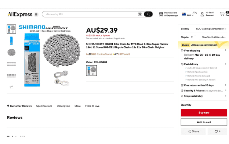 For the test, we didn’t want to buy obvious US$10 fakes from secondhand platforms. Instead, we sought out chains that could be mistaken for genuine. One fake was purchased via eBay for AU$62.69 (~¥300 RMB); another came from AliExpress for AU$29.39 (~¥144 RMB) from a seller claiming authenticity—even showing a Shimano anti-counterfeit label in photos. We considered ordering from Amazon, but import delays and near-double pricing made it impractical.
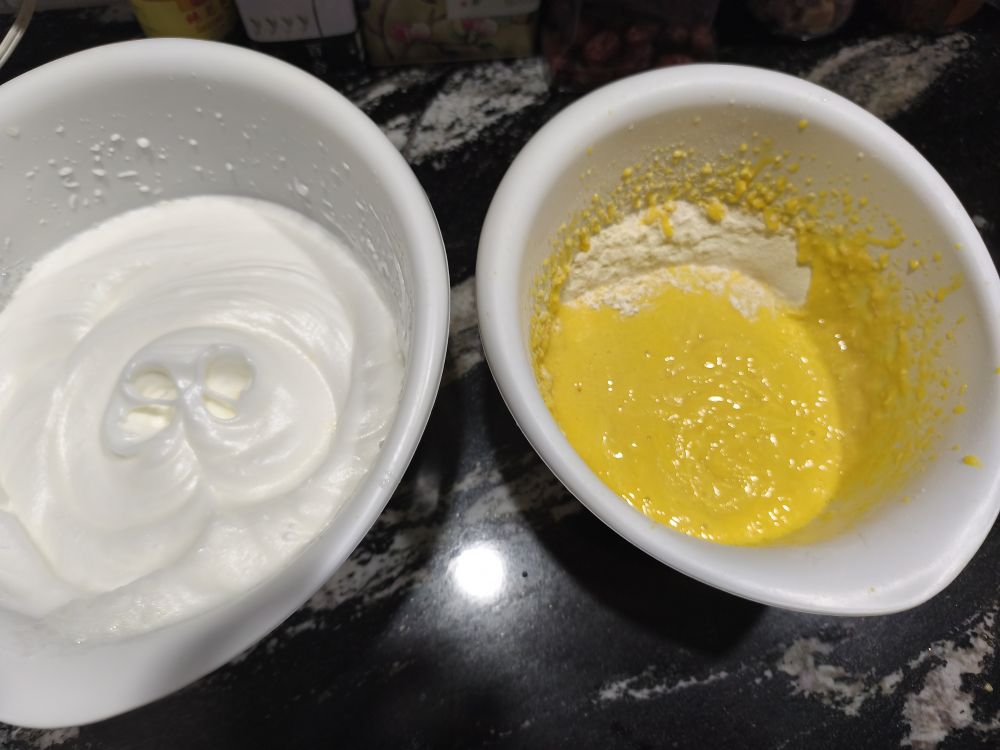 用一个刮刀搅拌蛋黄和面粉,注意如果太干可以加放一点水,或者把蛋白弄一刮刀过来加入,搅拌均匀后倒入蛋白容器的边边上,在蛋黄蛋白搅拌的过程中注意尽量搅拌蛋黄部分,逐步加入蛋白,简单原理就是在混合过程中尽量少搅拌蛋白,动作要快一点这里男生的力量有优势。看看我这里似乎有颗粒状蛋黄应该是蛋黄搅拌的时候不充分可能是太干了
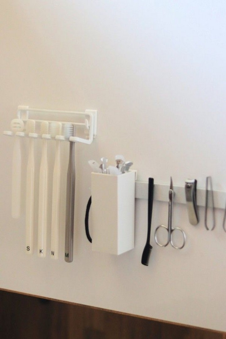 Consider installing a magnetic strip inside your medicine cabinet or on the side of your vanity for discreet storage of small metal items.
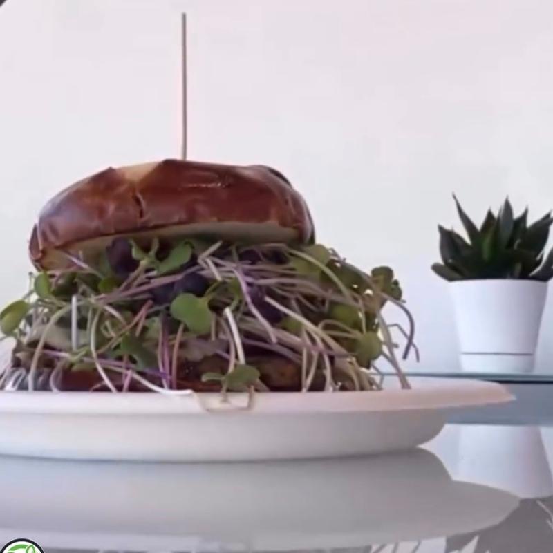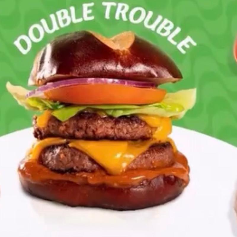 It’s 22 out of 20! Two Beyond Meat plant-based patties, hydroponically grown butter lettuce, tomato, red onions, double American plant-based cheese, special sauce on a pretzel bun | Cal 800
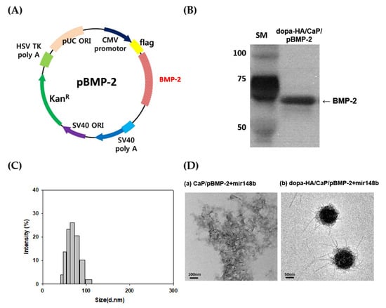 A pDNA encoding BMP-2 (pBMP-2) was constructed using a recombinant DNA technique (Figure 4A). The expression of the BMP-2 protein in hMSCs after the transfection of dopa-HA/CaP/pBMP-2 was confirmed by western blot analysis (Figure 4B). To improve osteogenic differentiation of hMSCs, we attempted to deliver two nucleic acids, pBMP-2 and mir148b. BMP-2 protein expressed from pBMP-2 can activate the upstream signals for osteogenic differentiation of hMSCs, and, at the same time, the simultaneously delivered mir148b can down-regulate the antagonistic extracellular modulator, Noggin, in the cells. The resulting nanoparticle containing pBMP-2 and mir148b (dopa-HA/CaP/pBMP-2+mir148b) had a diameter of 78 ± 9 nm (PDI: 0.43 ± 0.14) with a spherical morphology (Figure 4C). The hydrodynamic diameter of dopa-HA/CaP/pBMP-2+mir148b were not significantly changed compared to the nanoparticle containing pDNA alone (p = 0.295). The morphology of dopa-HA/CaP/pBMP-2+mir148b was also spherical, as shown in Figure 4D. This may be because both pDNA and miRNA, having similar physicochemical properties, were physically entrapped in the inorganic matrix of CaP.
· · ·
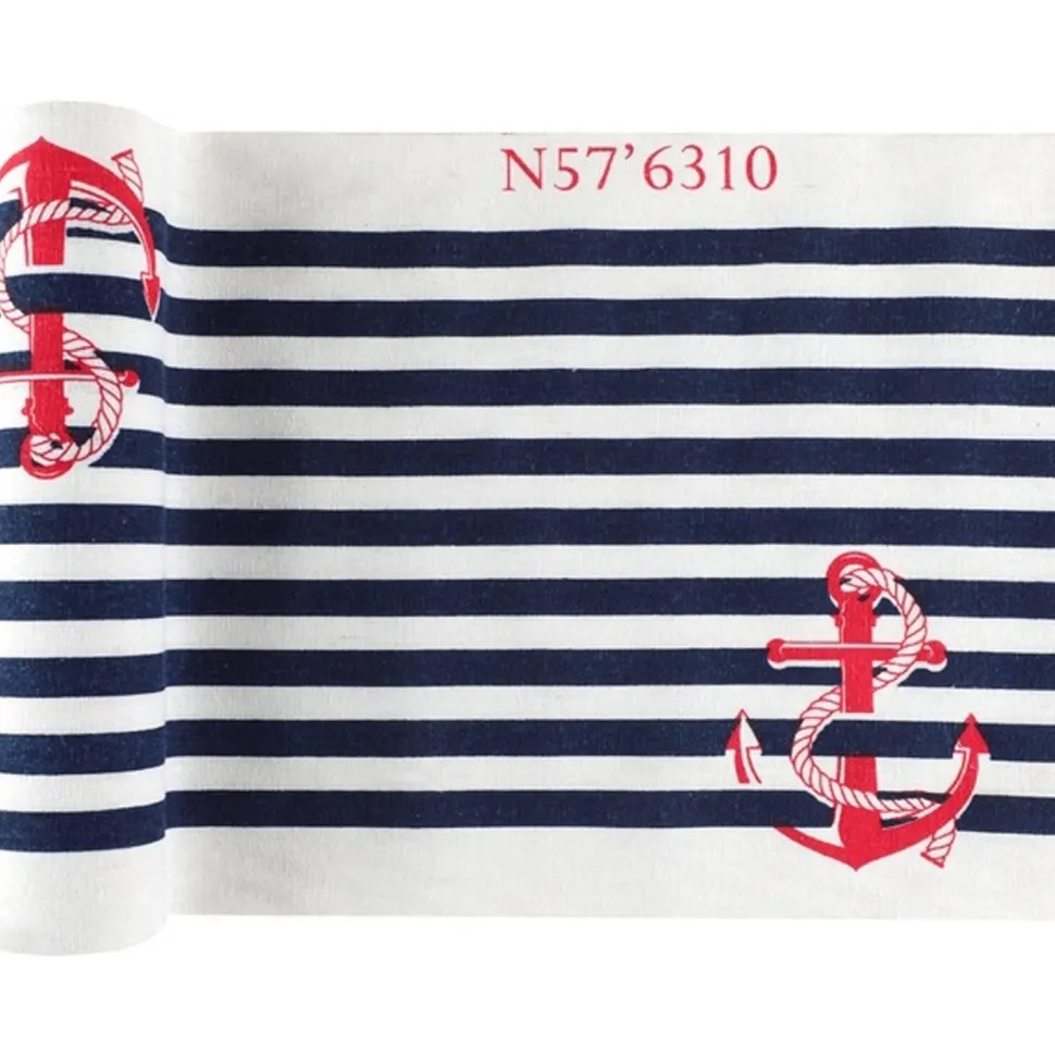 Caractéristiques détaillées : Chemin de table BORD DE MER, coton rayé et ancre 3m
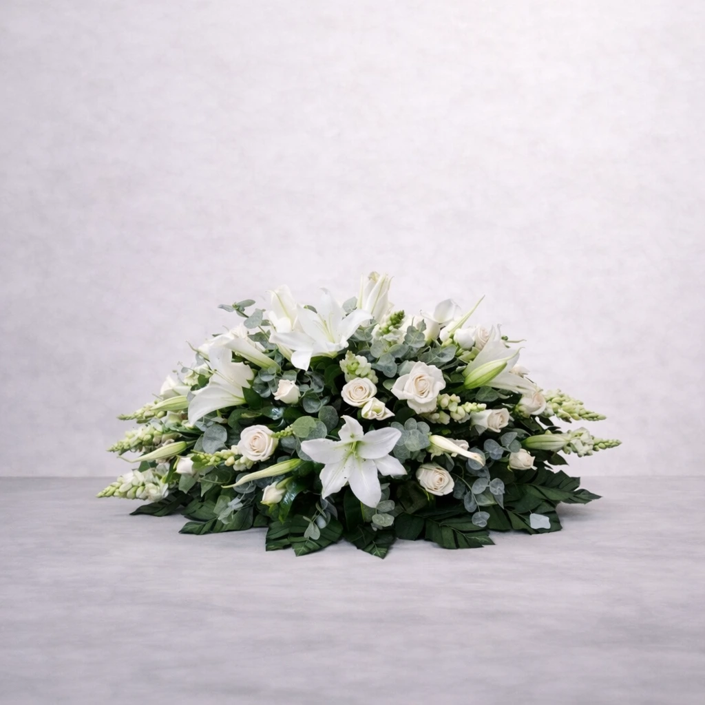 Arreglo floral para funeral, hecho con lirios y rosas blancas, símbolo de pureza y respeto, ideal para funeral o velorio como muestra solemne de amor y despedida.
· · ·
**Goal of the exercise:** Exactly the lines above, from the one containing "用一个刮刀搅拌蛋黄和面粉,注" down to the one containing "It’s 22 out", are to be repeated, including both ends. Pictures are not part of the copy.

**Answer below:**
 用一个刮刀搅拌蛋黄和面粉,注意如果太干可以加放一点水,或者把蛋白弄一刮刀过来加入,搅拌均匀后倒入蛋白容器的边边上,在蛋黄蛋白搅拌的过程中注意尽量搅拌蛋黄部分,逐步加入蛋白,简单原理就是在混合过程中尽量少搅拌蛋白,动作要快一点这里男生的力量有优势。看看我这里似乎有颗粒状蛋黄应该是蛋黄搅拌的时候不充分可能是太干了
 Consider installing a magnetic strip inside your medicine cabinet or on the side of your vanity for discreet storage of small metal items.
 It’s 22 out of 20! Two Beyond Meat plant-based patties, hydroponically grown butter lettuce, tomato, red onions, double American plant-based cheese, special sauce on a pretzel bun | Cal 800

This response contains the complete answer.